A new study released by global consulting firm Datu Research reveals that conservation practices such as cover crops and no-till are catching on in Iowa.
According to the study, 23% of respondents are using cover crops. Most are still experimenting in small-scale trials of fewer than 100 acres before committing to adoption on a larger scale. Additionally, nearly half (47%) reported using no-till.
The study’s authors say an important obstacle to wider adoption is the lag time that farmers may face implementing these practices before yield gains occur.
“We set out to find the economic win not just for farmers, but for the businesses they deal with,” says lead author Sarah Mine. “The idea is to find other actors who are willing to share the short-term costs and risks to gain a greater return in the long run.”
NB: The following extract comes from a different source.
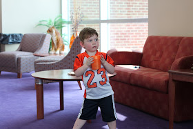 -Owen's most favorite thing to do is to race! Him and Austin go and stand in one corner of the room and I say "Ready, Set, Go!" and they both take off in my direction. Even though Austin is faster, Owen can be quite tricky and will start running to me before Austin makes it back and gets ready.

Because 55% of farmland in Iowa is rented, Datu looked at the potential economic gain for landowners who rent to conservation-minded farmers. Researchers say that landowners could benefit economically from farmer adoption of conservation agriculture, which can reduce in varying degrees the use of fertilizer, pesticides, fuel, equipment and labor. Crop insurance provides another potential opportunity in light of evidence that conservation agriculture can increase crop resilience to weather threats such as droughts or floods.
The study’s recommendations include researching yield effects of conservation agriculture. Until adequate data on yield increases are available, these practices are unlikely to increase land value, according to Mine.
“Conservation agriculture translates into economic value and environmental sustainability for future generations,” she says. “A fair share of the economic benefit really should accrue to farmers.”
A separate ongoing 12-year study by the University of Illinois has shown that the use of cover crops does not improve crop yields, although it does increase the amount of sequestered soil organic carbon. Soil organic carbon stock gains were 30% higher for no-till, 10% higher for chisel plowed and 18% higher for moldboard-plowed plots.
"This suggests that soil organic carbon stock losses from tillage, water erosion and some disturbance or mixing during no-till planting, aeration, nitrogen injection in corn years and mineralization were less than the soil organic carbon gain from the cover-crop treatment," says U of I soil scientist Ken Olson.